Отсюда — цель: смахнуть пот со лба под текст «Ещё одно, последнее сказанье — и летопись окончена моя». Поэтому мне не до развёрнутых воспоминаний — про папу с мамой, про дедушку с бабушкой. Пойди я путём классического мемуариста, мне не дойти и до середины. Значит, остаётся лишь одно: изливать из себя наболевшее, плюя на условности и хронологию. Ведь я взялся за карандаш и бумагу не в контексте установки «бойцы вспоминают минувшие дни», и не для того, чтобы поделиться жизненным опытом с подрастающим поколением.

Так, что, не мемуары это, а, скорее, воспоминания и размышления. Так сказать, «Былое и думы». Мне действительно есть, о чём поразмыслить… пока есть, чем. По причине лимита времени и не самых комфортабельных условий мысли мои — подчас хаотичные и обрывочные. Классические мемуары так не пишутся. Для их написания требуется большой «научный аппарат». Нужно сидеть в архивах, в библиотеках, «перелопачивать» тысячи страниц документов и чужих мемуаров, встречаться с очевидцами, подключать всевозможных помощников к делу сбора материалов и редактирования текста.

А у меня всё — не так. Никого я не подключу, и ничего я не «перелопачу». Потому что сижу я не в архиве и не в библиотеке, а в одиночной камере. Отсюда у меня не может не быть мыслей Екклесиаста: «суета сует, — всё суета». Это я — насчёт перспектив и читателей, и тех, и других — отсутствующих. Ведь «дружки», если и снизойдут, то лишь до первой характеристики!

Зачем же я тогда пишу? Из верности принципу графомана: «Не могу не писать»? Отчасти — да, но по другим соображениям. Я ведь не жду ни денег, ни признания. Хотя бы потому, что не дождусь. Моя судьба после июльского Пленума — дело ясное. Потому, что тёмное. Будь оно хоть чуточку светлее, я бы всё ещё существовал в режиме «надежды юношу питали».

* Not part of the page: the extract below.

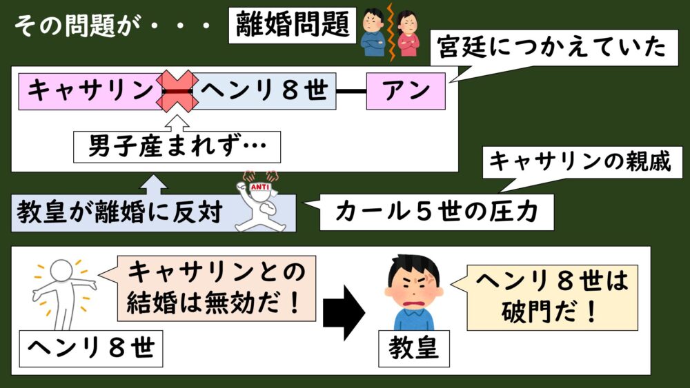 イギリスでも宗教改革がおこることになりますが、改革をおこなったのが国王ヘンリ8世で、なんと離婚問題から始まった変わった改革だったんです。
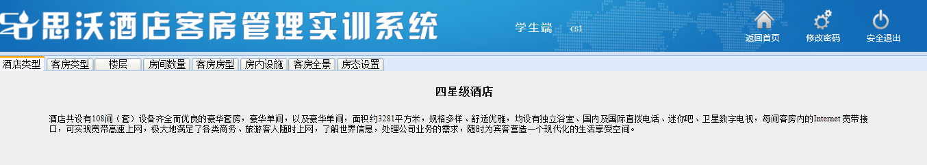 關鍵詞:思沃(wo)高(gao)校酒店客(ke)(ke)房(fang)管理(li)(li)教(jiao)學(xue)(xue)實訓(xun)系統 酒店客(ke)(ke)房(fang)管理(li)(li)實訓(xun)教(jiao)學(xue)(xue)軟(ruan)件 酒店客(ke)(ke)房(fang)管理(li)(li)實訓(xun)教(jiao)學(xue)(xue)平臺

Откуда я знаю о Пленуме? Элементарно: «товарищи» «просветили»… чтобы на душе стало ещё темней. И всё же я пишу: рука сама тянется к огрызку карандаша. Я пишу и буду писать! Лучше, уж, изливаться мыслями, чем слезами! «Рецепт выздоровления»: «чем больше слёз, тем больше облегченья, в слезах и заключается леченье!» — не для меня!

Есть и другое обстоятельств: «audiatur et altera pars». «Да будет выслушана и другая сторона». Ведь мне столько уже «нагрузили», что давно пора «разгружаться» с тем, чтобы «сгрузить» хотя бы лишнее.

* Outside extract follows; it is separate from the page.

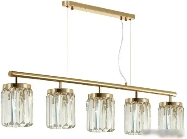 Подвесная люстра Odeon Light Vassa 4987/5 создаёт в комнате атмосферу легкости и элегантности. Её широкий абажур из хрусталя в неоклассическом стиле красиво рассеет свет и добавит роскоши интерьеру. Люстра оснащена пятью лампами мощностью по 200 Вт каждая, что обеспечивает яркое освещение. Каркас выполнен из металла в золотистом цвете, а плафоны изготовлены из пластика с матовой поверхностью. Размеры: длина 109,2 см, ширина 113 см, высота 125 см, что делают её подходящей для просторных помещений. Устройство не имеет встроенного выключателя или дистанционного управления, поэтому управление осуществляется через выключатели на стене. Благодаря прочному материалу и качественной сборке, люстра долго сохраняет свой внешний вид. Ее дизайн отлично впишется в интерьер, где нужно подчеркнуть стиль и уют. Люстра не предназначена для детской комнаты или промышленного использования.

Итак, за лимитом времени я опускаю «розовое детство и розоватую юность» (мерси, Остап Бендер!). По этой же причине я буду говорить лишь о том, о чём не могу молчать. О том, что приходит на ум само, без спроса, а не по плану мемуариста. Удивительным образом моё вынужденное желание иногда совпадает с «любопытством» следствия. Ведь я пытаюсь остановиться именно на тех вопросах, которые уже сегодня мне «отгружают составом преступления». Вот их краткий перечень. «Как этот враг народа пробрался в органы» — раз. «Как ему удалось натворить то, что ему удалось натворить» — два. «Как он вредил в годы войны» — три. «Как он злоупотреблял доверием Хозяина» — четыре. «Как он не участвовал в добрых делах» — пять. «Что поделывали его подельники — и что он поделывал с ними» — шесть. Ну, и семь — уже от себя: «как я дошёл до жизни такой». До одиночной камеры, то есть, и не по обвинению в революционной деятельности?

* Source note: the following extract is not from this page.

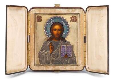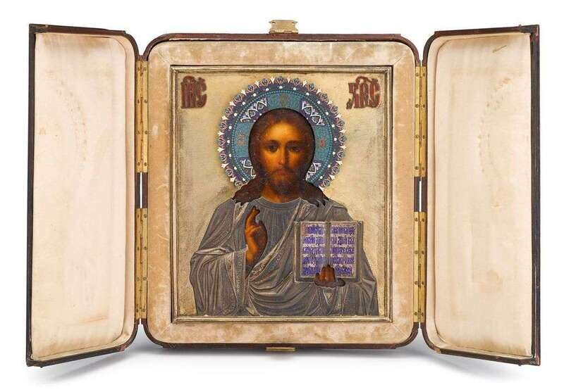 Russian guilloché, champlevé, and cloisonné enameled silver-gilt icon of the Lord Almighty ivan tarabrov, moscow, circa 1900, retailed by fabergé
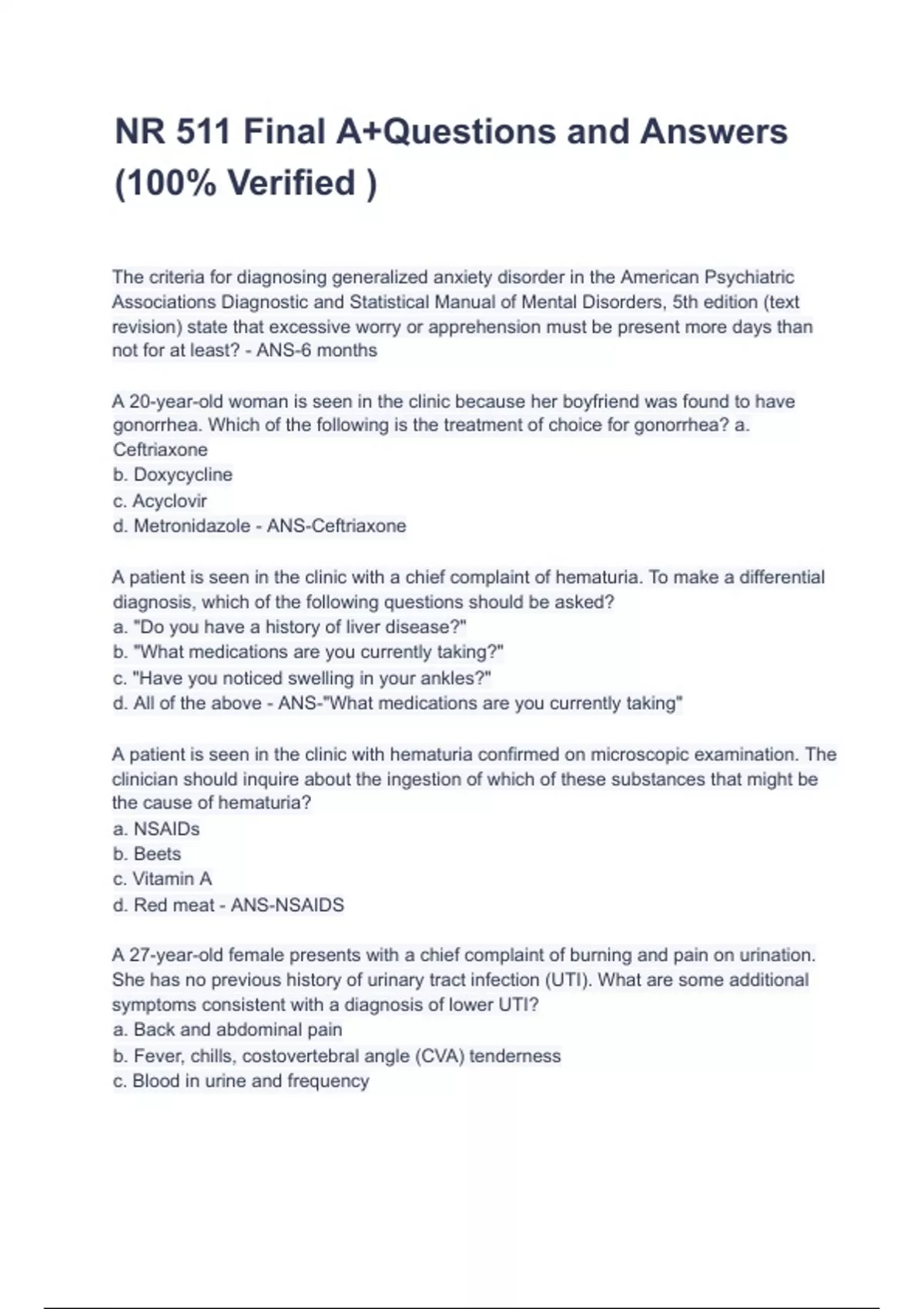 NR 511 Final A+Questions and Answers

Да, уж, товарищи, не скупясь, поделились со мной «коллективным творчеством»! Поделились так: «чёрное» — достояние Берии, «белое» — «партии и народа», врагом которых и объявлен Берия. Отсюда и семь вопросов. Как будто немного… и много. Каждый — словно кусок жизни. Вспомнить всё трудно. И не потому, что не помнится — иногда и наоборот. Поэтому я не гарантирую последовательности. И освещения всех «тёмных пятен» я не гарантирую. На всех у меня «не хватит батареек». Заодно я не гарантирую «Толстого из Берии»: ну, нет у меня ни талантов, ни времени на «причёсывание»! Поэтому я буду лишь излагать факты такими, какими их представляю. Если не получится удовлетворить чьё-то персональное любопытство, не обессудьте, мои «условно-расчётные» читатели!

Меня не смущает то обстоятельство, что мои воспоминания не дотягивают и до уровня «Записок». Я — не тщеславный мемуарист, ревниво подсчитывающий объём страниц. Напротив, выборочный характер не только позволяет рассказать о главном, но и даёт надежду на то, что хоть что-то из написанного дойдёт до читателя! (Под читателем я понимаю, разумеется, не «кремлёвских книголюбов»).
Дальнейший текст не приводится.